Interesting People mailing list archives

Re: Shamos: Why e-voting paper trails are a bad idea


From: David Farber <dave () farber net>
Date: Wed, 23 Apr 2008 21:17:28 -0700


________________________________________
From: Eugene H. Spafford [spaf () mac com]
Sent: Wednesday, April 23, 2008 9:58 PM
To: David Farber
Cc: ip
Subject: Re: [IP] Shamos: Why e-voting paper trails are a bad idea

Without going into the discussion, let me simply point out that the ACM position does not mandate paper.

The official ACM position is (in part)  "Voting systems should also enable each voter to inspect a physical (e.g., 
paper) record to verify that his or her vote has been accurately cast and to serve as an independent check on the 
result produced and stored by the system. Making those records permanent (i.e., not based solely in computer memory) 
provides a means by which an accurate recount may be conducted."

If you will note, the ACM position advocates a physical record that can be independently checked and that may be 
accurately recounted.   Paper is given as one example.  We would certainly welcome workable, trustable alternatives 
that use some other physical record.

It is possible to build a flawed system using any technology, including paper.  It is also possible to hack any system 
given the time, resources, and access.   The goal of good security is to apply sufficient resources to gain trust 
appropriate to the given risk.  Our statement is based on the belief that a permanent, verifiable record is a way to do 
that in the context of voting; paper is one technology that can be used, given appropriate procedures and technologies, 
to achieve a high -- although not perfect -- level of trust with reasonable cost.
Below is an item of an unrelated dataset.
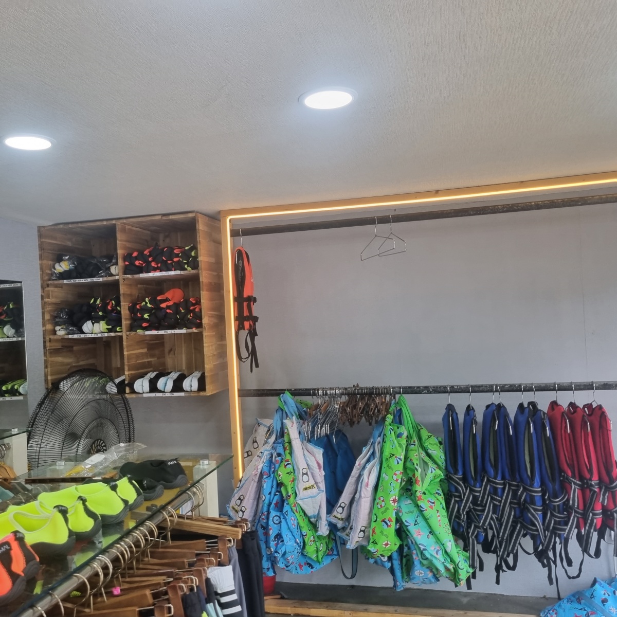 다양한 아쿠아슈즈, 구명조끼, 바지등이

Prof. Shamos's criticisms of paper have already been discussed here -- he is not evenhanded in that he is criticizing 
some systems with known flaws rather than what can actually be engineered.  Some vendors have provided sub-standard 
paper  mechanisms and these should not be used as exemplars of what is possible.  Many critics of paper do that, 
exactly as some critics of computers focus only on the most defective examples of DRE machines.  Neither is fully fair, 
nor do they advance us towards workable solutions.

Voting has many challenging constraints to be met for privacy, reliability, accuracy, and security.   The ACM position 
is that good design and testing are needed, and that a durable, independently-verifiable ballot is also needed.   Would 
anyone informed and reasonable really argue to the contrary?